Taleban is rounding up Afghans on blacklist, says private intel report

A Taleban fighter walks past a beauty salon with images of women defaced using spray paint in Kabul. PHOTO: AFP

OSLO (REUTERS) - The Taleban has begun rounding up Afghans on a blacklist of people they believe have worked in key roles with the previous Afghan administration or with US-led forces that supported it, according to a report by a Norwegian intelligence group.

The report, compiled by the RHIPTO Norwegian Centre for Global Analyses and seen by Reuters, said the Taleban was hunting individuals linked to the previous administration, which fell on Sunday when the Islamist militant movement took Kabul.

"Taleban is intensifying the hunt-down of all individuals and collaborators with the former regime, and if unsuccessful, target and arrest the families and punish them according to their own interpretation of syariah law," said the report, dated Wednesday (Aug 18).

"Particularly at risk are individuals in central positions in military, police and investigative units."

The non-profit RHIPTO, which makes independent intelligence assessments, said the Afghanistan report was shared with agencies and individuals working within the United Nations.

"This is not a report produced by the United Nations, but rather by the Norwegian Centre for Global Analyses," said a UN official, when asked for comment.

A Taleban spokesman did not immediately respond to a request for comment on the report.

Since seizing Kabul, the Taleban has sought to present a more moderate face to the world, saying it wanted peace and would not take revenge against old enemies.

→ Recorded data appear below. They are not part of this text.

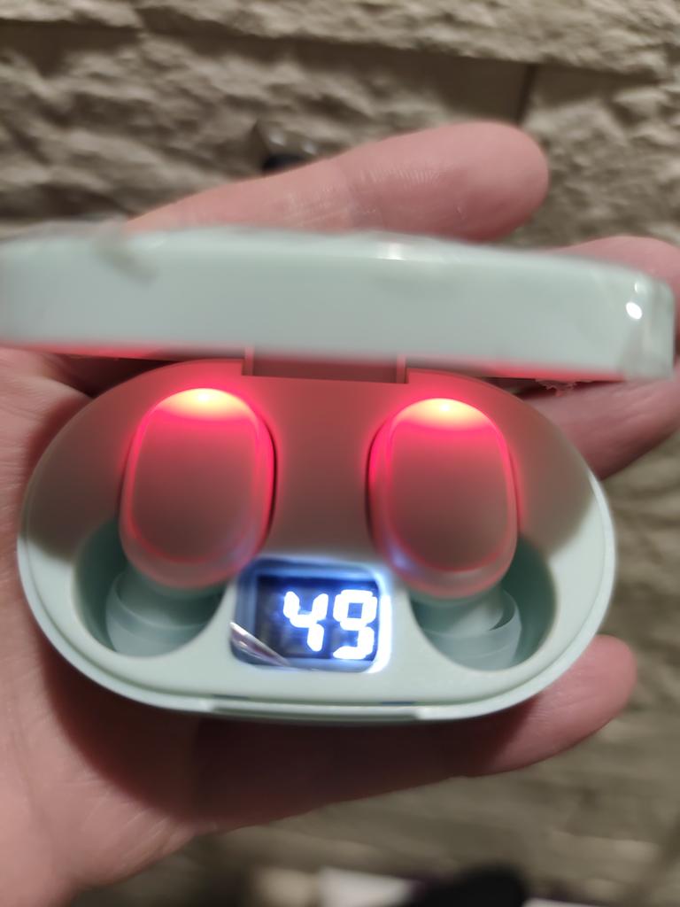 Quería unos auriculares inusuales, así que pedí este color, llegaron en aproximadamente un mes, lo cual es bastante largo para Joom, al principio no pude entenderlos muy bien porque la cosa negra donde se muestran los porcentajes de carga no se ilumina, ese es su único -, pero por lo demás funcionan, la carga dura mucho, son cómodos, no se caen, y la cosa negra no afecta nada, simplemente no se ilumina, por eso los recomiendo.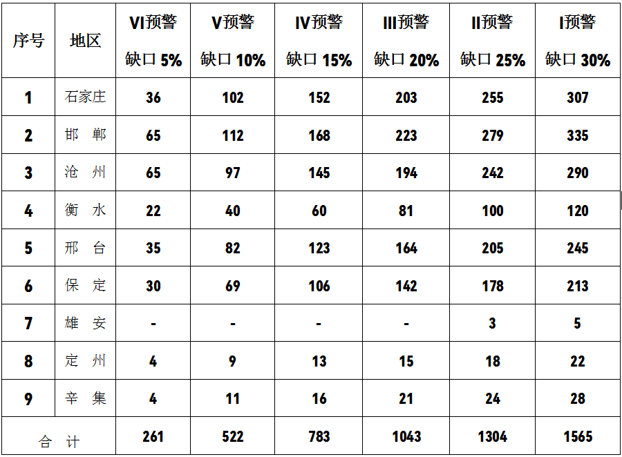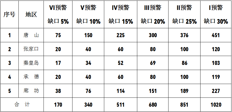 (四)出现长时间供应缺口,负荷管理前置措施持续时间为3天,在河北南网、冀北电网出现100万千瓦以内缺口且持续3天以上时,需同步启动需求响应措施。需求响应用户响应能力随着持续时间增加不断衰减,当河北南网出现500万千瓦(冀北电网出现350万千瓦)以内缺口持续时间较长用户应约容量不足时,需同步启动有序用电措施。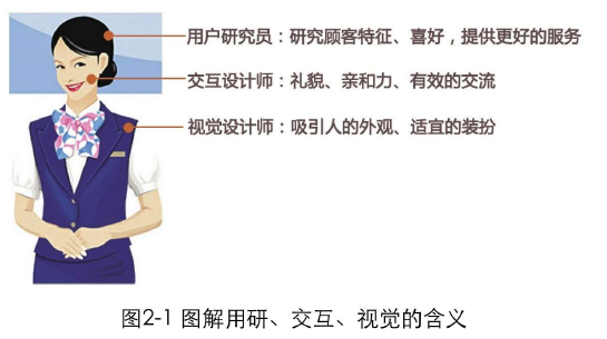好的用戶體驗,就如同彬彬有禮的服務人員,不但能馬上解決用戶的問題,其優美的談吐、機智的反應,也會給用戶一次非常美妙的體驗。如果把產品比做圖2-1左側的這個服務人員,那么這3個職位的作用正如圖中所描述的那樣。

The four-page report reproduced a letter it said had been written to one alleged collaborator who was taken from his Kabul apartment this week and detained for questioning over his role as a counter-terrorism official in the previous government.

Reuters could not independently verify its authenticity.

The letter, dated Monday, from the Islamic Emirate of Afghanistan's Military Commission, noted that the detainee had travelled to Britain as part of his role "which indicates you have had excellent relations with the American and British".

"If you do not report to the commission, your family members will be arrested instead, and you are responsible for this. You and your family members will be treated based on syariah law," the letter said, according to a translation given in the report.

The detainee's name was redacted.

Separately, a senior member of the security forces of the ousted administration sent a message to journalists saying that the Taleban had obtained secret national security documents and Taleban was arresting former intelligence and security staff.